June 18, 2010

Taking the Time to Make a Difference

What does it take to make a difference?

BY PAUL R. LEINGANG
Father Hilary F. Vieck

(Listen to Paul read this column | Weekly podcast)

Did I hear that correctly?

On my way home from an early Sunday morning trip for a special parish celebration, I stopped at a fast food store for a breakfast sandwich and a cup of coffee.

As I sat down at an isolated table, a conversation was underway in the next section. Three men were discussing automobile salvage.

They discussed the price of truck batteries versus automobile batteries, about nine dollars versus six dollars, one man said. He had apparently collected about 10 batteries to take to the salvage yard recently, and reported on his payment.

They discussed the various restrictions on what a salvage yard would accept. Gas tanks and radiators had to be drained, and at one place, an automobile’s tires had to be removed, according to one man who was part of the conversation.

The last bit of information that I heard before I left — if I heard it correctly — had to do with one man’s practice to boost his income.

“I take the garden hose and soak the inside,” he said. The water in the carpets and upholstery, of course, adds weight to the car — with or without its tires and whatever else needs to be removed before it is weighed for scrap metal.

I wish what he said was not such a common practice. But I know such dealings are part of too many transactions, all the way from the local junkyard to international trade by global companies.

I remember the outrage — even revulsion — that I felt, as an American who grew up on a farm, when I first learned about “blending” practices used by international grain sellers.

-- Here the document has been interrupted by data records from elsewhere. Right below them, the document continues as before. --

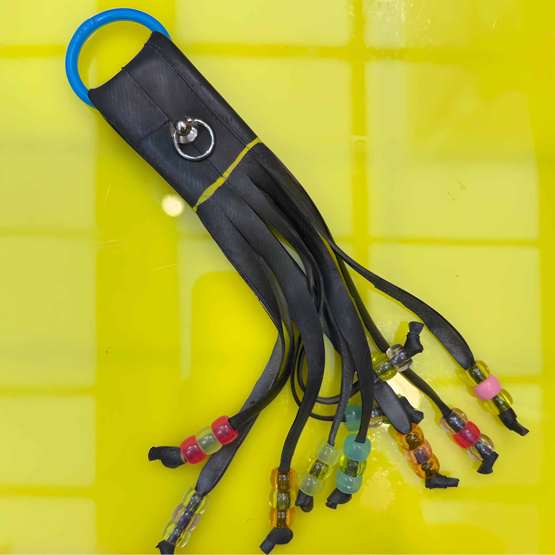 This assortment of keyrings and small accessories are made in creative workshops teaching children to cycle. The inner tubes are kindly donated by local local Bicycle stores in Hackney.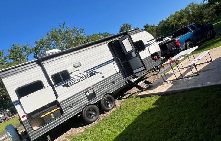 About UsHey there! We’re Adam and Victoria Gribble, a husband-and-wife duo based in Pennsylvania who love camping, campfires, and creating memorable getaways for others.When we’re not out exploring, Adam works as a firefighter, and Victoria keeps our world running smoothly behind the scenes. We know how valuable time away can be, and we’ve set up our Conquest camper to make your trip as easy, rela...
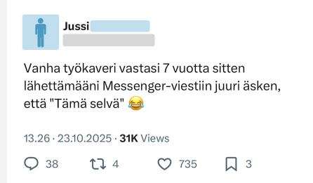 Seitsemän vuotta sitten lähetetty viesti sai tänään ytimekkään vastauksen: “Tämä selvä.” Jussi ehkä miettii, pitäisikö vastata nyt heti vai jatkaa perinnettä ja odottaa vuoteen 2032.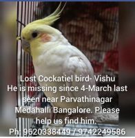 Lost my cockatiel yesterday 4th March 2022 at 12:30 pm and he is 2.4 years old and he often does iPhone ringtone and calls his own name Vishu/vishukutty please if found contact us :9742249586/8792817844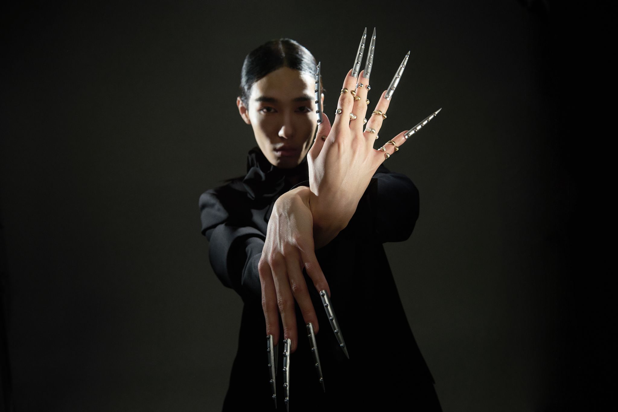BULLSEYE elaborates on two minimal forms: the svelte diamond, and the rounded silver bullet. These shapes reappear across your fingers, collar, and lobes – mechanic yet elevated, conveying strength and simple luxury. “For this collection, I based my designs on modular entities that could be adapted to different styles” explains GDF’s founder Karl Yazigi. Yet as these two original shapes multiply across the collection, they metamorphosize into a series of technically complex designs that are GDF’s hallmark.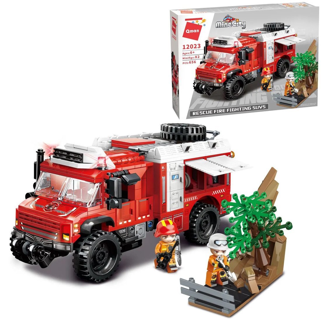 Конструктор Qman серия MineCity Пожарная машина: Разбор завала, 656 деталей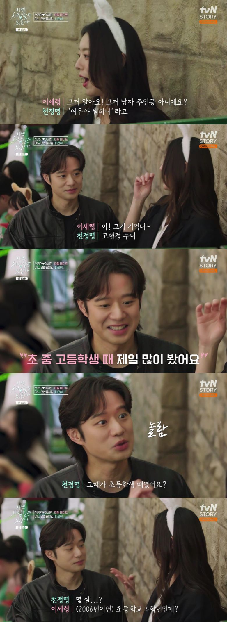 이어 천정명이 "그때가 초등학생 때였냐"고 깜짝 놀라자, 이세령은 "(2006년이면) 초등학교 4학년이다"며 두 사람의 나이차를 실감케 했다.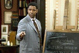 [马文·托尔森]由[丹泽尔·华盛顿]饰演。他是电影《激辩风云》中的核心角色,作为哈莱姆辩论俱乐部的天才辩手,凭借过人智慧与犀利口才在种族歧视盛行的1930年代崭露头角。面对白人对手的偏见与黑人社群的期待,他以缜密逻辑与人文关怀在辩论赛中屡创佳绩,最终带领团队突破桎梏,用语言的力量改写命运,成为美国历史上最具影响力的黑人辩手之一。

One of the great pleasures of summer on the farm for me was walking to the wheat field, pulling a few heads of wheat from their stalks and rubbing them between my hands. The grains would emerge, and the chaff would blow away in the wind. The ripe kernals were hard, but they tasted fresh and wonderful. I recalled the Gospel story of the apostles doing just the same thing.

The truth is hard to hear, that one of the largest companies in the world desecrated — and maybe continues to desecrate — the sanctity of the grain given to us by God for our daily bread.

The company, according to published reports some years ago, was repeatedly cited for “blending” — that is, adding foreign matter to its grain.

One account gave an example of an export contract that allowed for as much eight percent of the grain volume to be foreign matter. If the grain provided by American farmers had only a little foreign matter, the exporting company would mix in dirt and gravel — until the maximum variation was reached.

The result? Foreign buyers paid wheat prices for dirt. The company made unjust profits. And the world judged American farmers on the evidence in hand. Our “amber waves of grain” were soiled for a few dollars more.

* * *

There is no real difference between adding water weight to a junk car and adding dirt and gravel to grain intended to feed another nation.

“Do not act dishonestly in using measures of length or weight or capacity,” the Lord said to Moses, as told in Leviticus 19. “You shall have a true scale and true weights,” the passage continues, reminding the hearers that the one who gives these laws is the Lord, your God, “who brought you out of the land of Egypt.”

* * *

The challenge of Christian life is to be honest in dealings with others on a personal level, and also to demand justice from others in their dealings.

It is not enough for one to say, I am fair in all of my dealings, while refusing to confront unfairness and injustice on the part of those who lead our cities and our civil society, allowing the poor to be cheated and exploited by neglect or even by design.

We are not called to turn away from what we hear, or to fear offending those who are doing wrong. Some days, it takes outrage to begin to make a difference.